ACTIVITY: In the entries below, begin at the line with "Ensure your browser’s" and stop after the line with "Acogedor Estudio en"; output those lines exactly and omit the pictures.

LISTED ENTRIES:
* * *

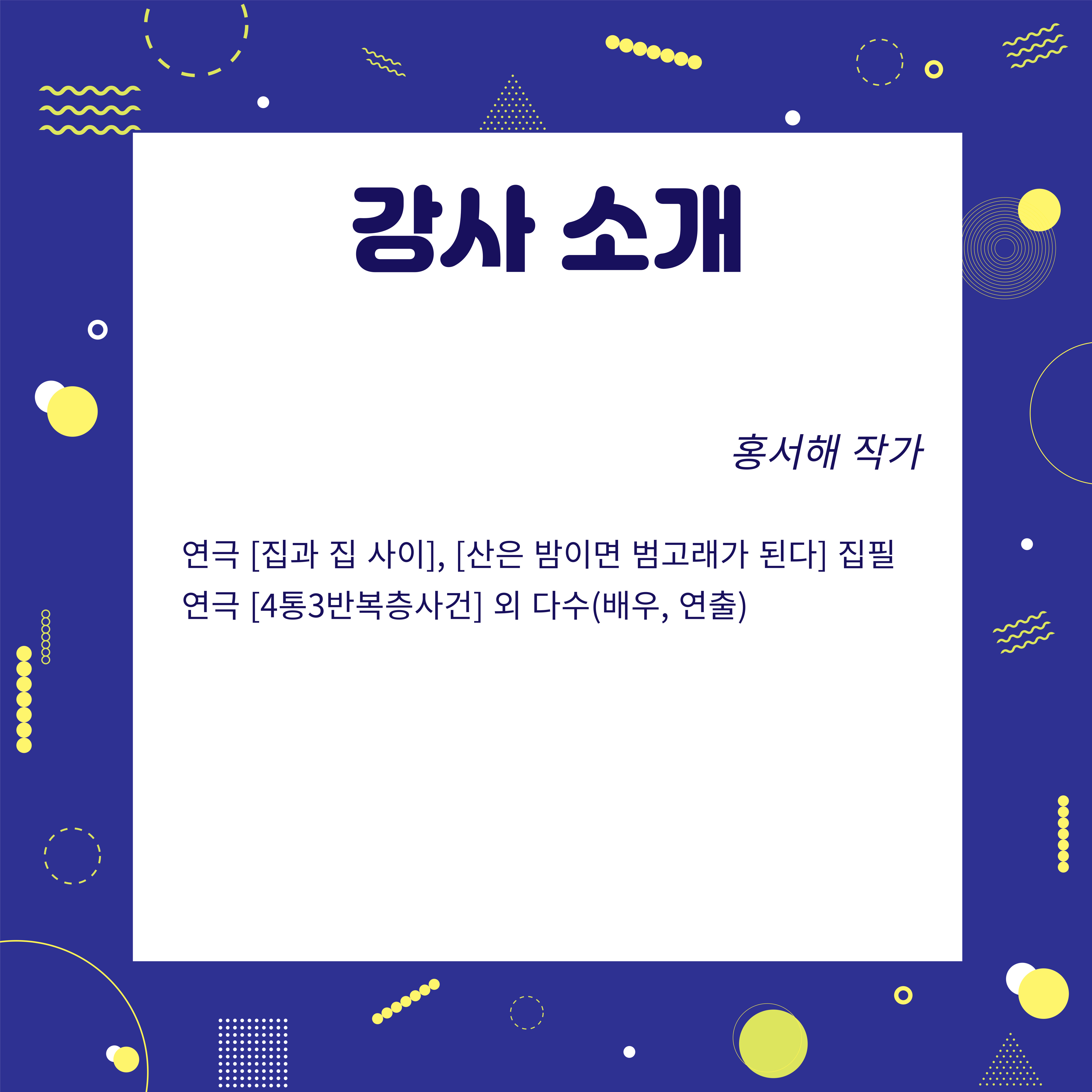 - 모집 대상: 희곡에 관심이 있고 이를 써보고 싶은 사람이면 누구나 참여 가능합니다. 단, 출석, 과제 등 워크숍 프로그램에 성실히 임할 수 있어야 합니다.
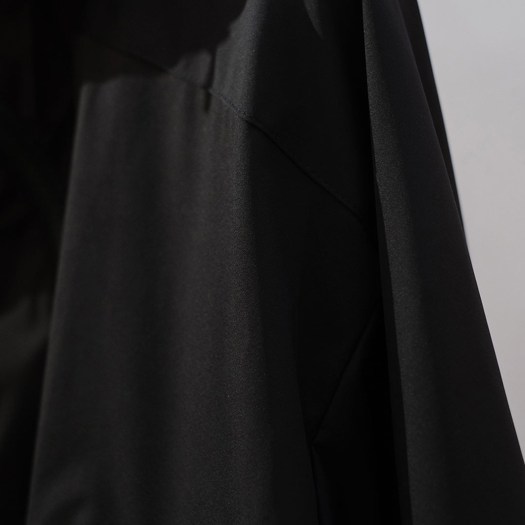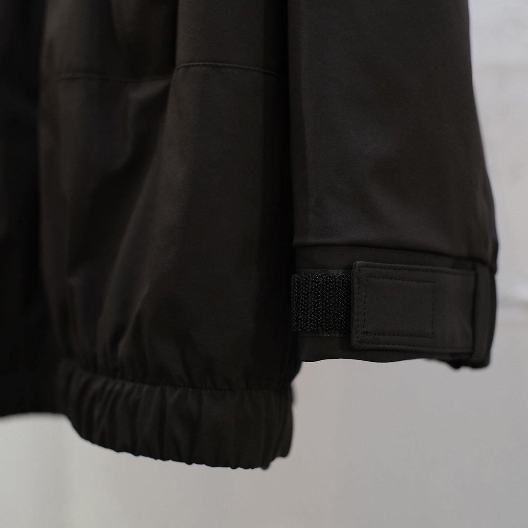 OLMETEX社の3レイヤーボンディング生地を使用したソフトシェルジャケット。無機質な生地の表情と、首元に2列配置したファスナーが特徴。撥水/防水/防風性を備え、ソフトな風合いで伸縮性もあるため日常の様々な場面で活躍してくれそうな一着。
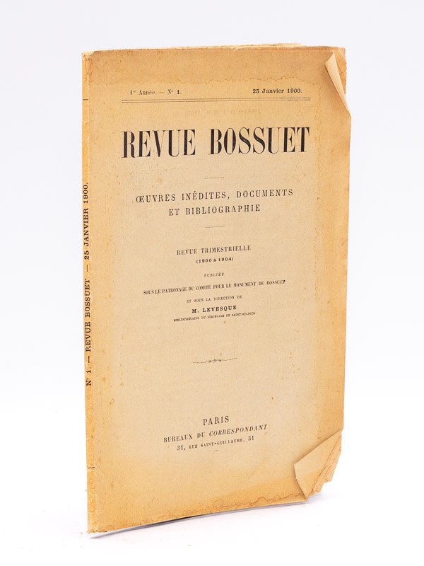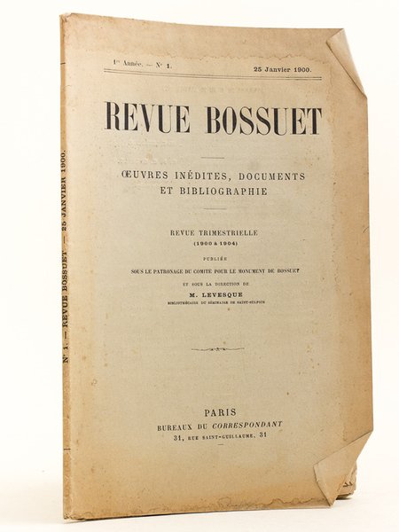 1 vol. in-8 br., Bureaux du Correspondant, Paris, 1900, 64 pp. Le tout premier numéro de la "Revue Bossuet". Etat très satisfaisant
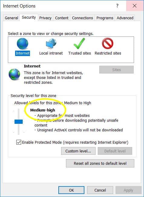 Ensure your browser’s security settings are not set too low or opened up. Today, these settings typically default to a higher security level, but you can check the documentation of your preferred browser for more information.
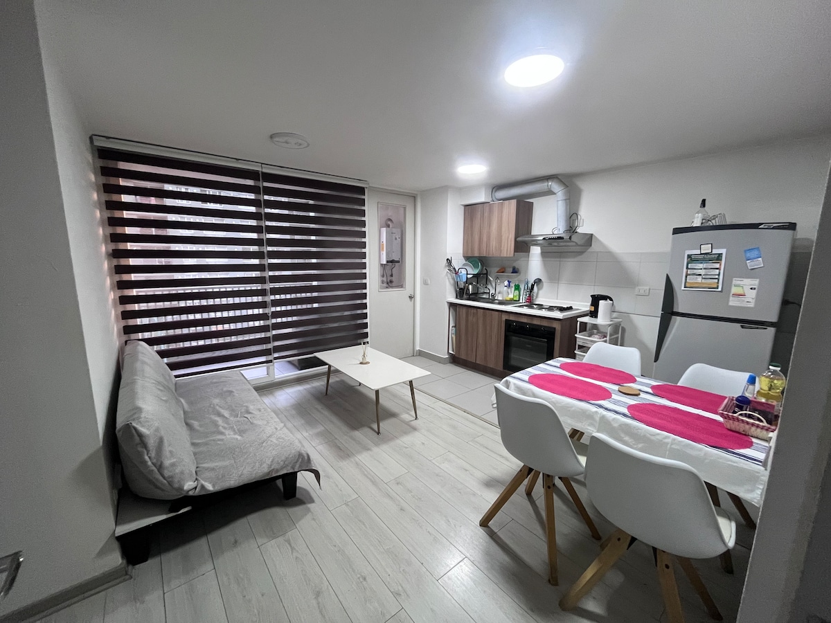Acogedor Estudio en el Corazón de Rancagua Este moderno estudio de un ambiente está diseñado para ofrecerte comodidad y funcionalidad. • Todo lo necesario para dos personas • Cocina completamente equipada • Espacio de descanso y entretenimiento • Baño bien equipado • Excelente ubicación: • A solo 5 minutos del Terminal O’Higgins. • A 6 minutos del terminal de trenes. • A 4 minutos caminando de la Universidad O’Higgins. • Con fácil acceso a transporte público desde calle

* * *

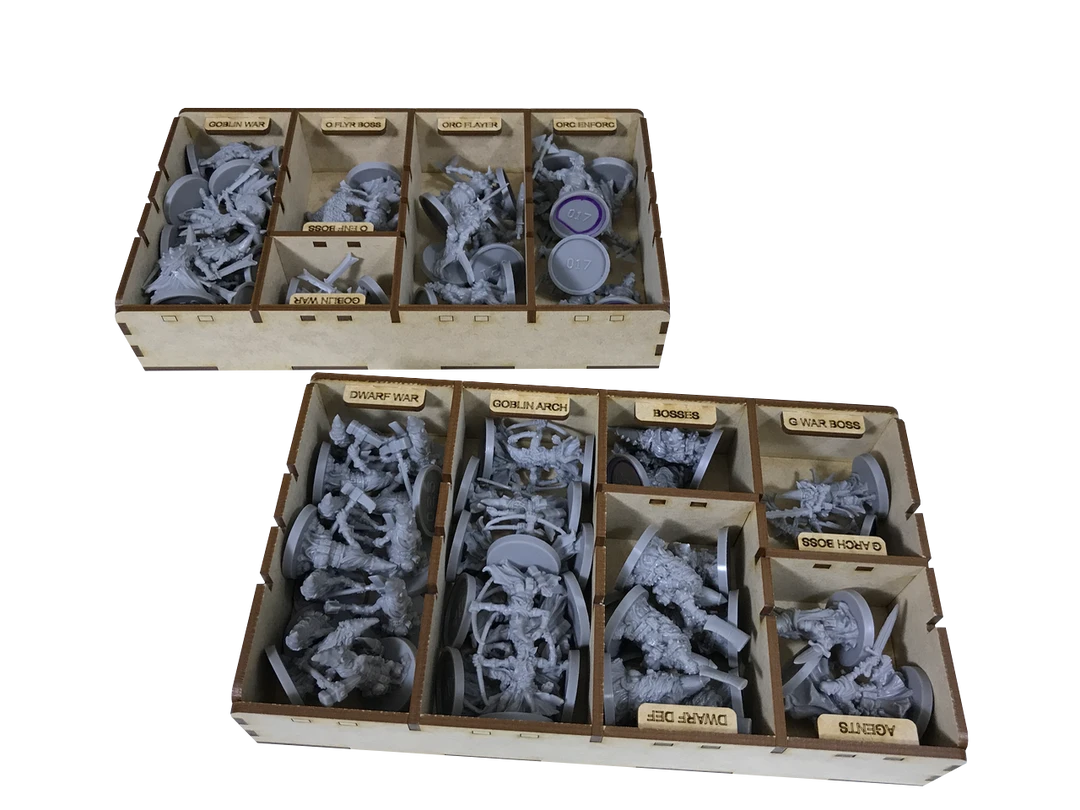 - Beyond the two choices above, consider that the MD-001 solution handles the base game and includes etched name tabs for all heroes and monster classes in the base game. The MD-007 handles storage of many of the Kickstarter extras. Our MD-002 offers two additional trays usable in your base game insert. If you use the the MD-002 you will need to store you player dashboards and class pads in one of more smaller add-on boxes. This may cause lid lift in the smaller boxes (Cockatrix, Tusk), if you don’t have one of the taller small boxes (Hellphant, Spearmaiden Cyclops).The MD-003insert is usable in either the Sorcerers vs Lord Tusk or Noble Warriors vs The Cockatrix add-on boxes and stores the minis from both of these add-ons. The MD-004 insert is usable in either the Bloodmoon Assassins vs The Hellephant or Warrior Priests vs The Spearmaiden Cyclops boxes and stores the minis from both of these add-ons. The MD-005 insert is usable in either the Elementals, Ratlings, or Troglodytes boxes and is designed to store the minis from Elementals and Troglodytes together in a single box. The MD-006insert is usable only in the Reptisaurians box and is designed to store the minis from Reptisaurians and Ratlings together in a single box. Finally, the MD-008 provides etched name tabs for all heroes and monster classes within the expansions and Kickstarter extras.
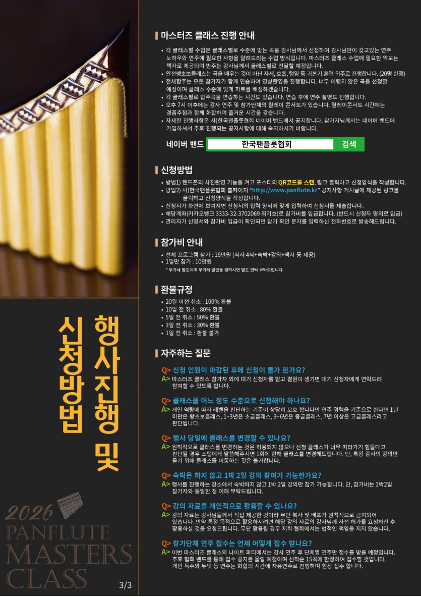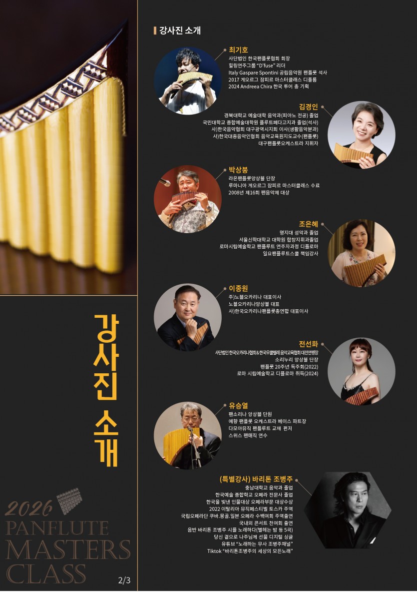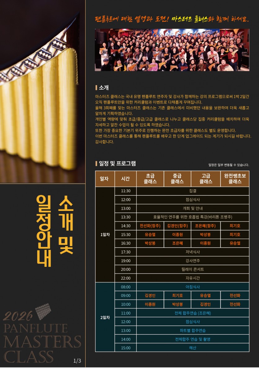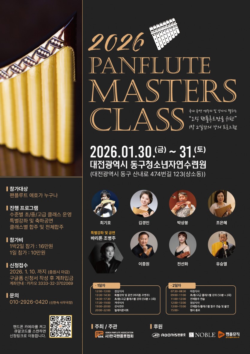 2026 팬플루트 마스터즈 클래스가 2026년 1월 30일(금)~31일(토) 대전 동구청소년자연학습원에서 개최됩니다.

* * *

COMPLETED EXERCISE:
 Ensure your browser’s security settings are not set too low or opened up. Today, these settings typically default to a higher security level, but you can check the documentation of your preferred browser for more information.
Acogedor Estudio en el Corazón de Rancagua Este moderno estudio de un ambiente está diseñado para ofrecerte comodidad y funcionalidad. • Todo lo necesario para dos personas • Cocina completamente equipada • Espacio de descanso y entretenimiento • Baño bien equipado • Excelente ubicación: • A solo 5 minutos del Terminal O’Higgins. • A 6 minutos del terminal de trenes. • A 4 minutos caminando de la Universidad O’Higgins. • Con fácil acceso a transporte público desde calle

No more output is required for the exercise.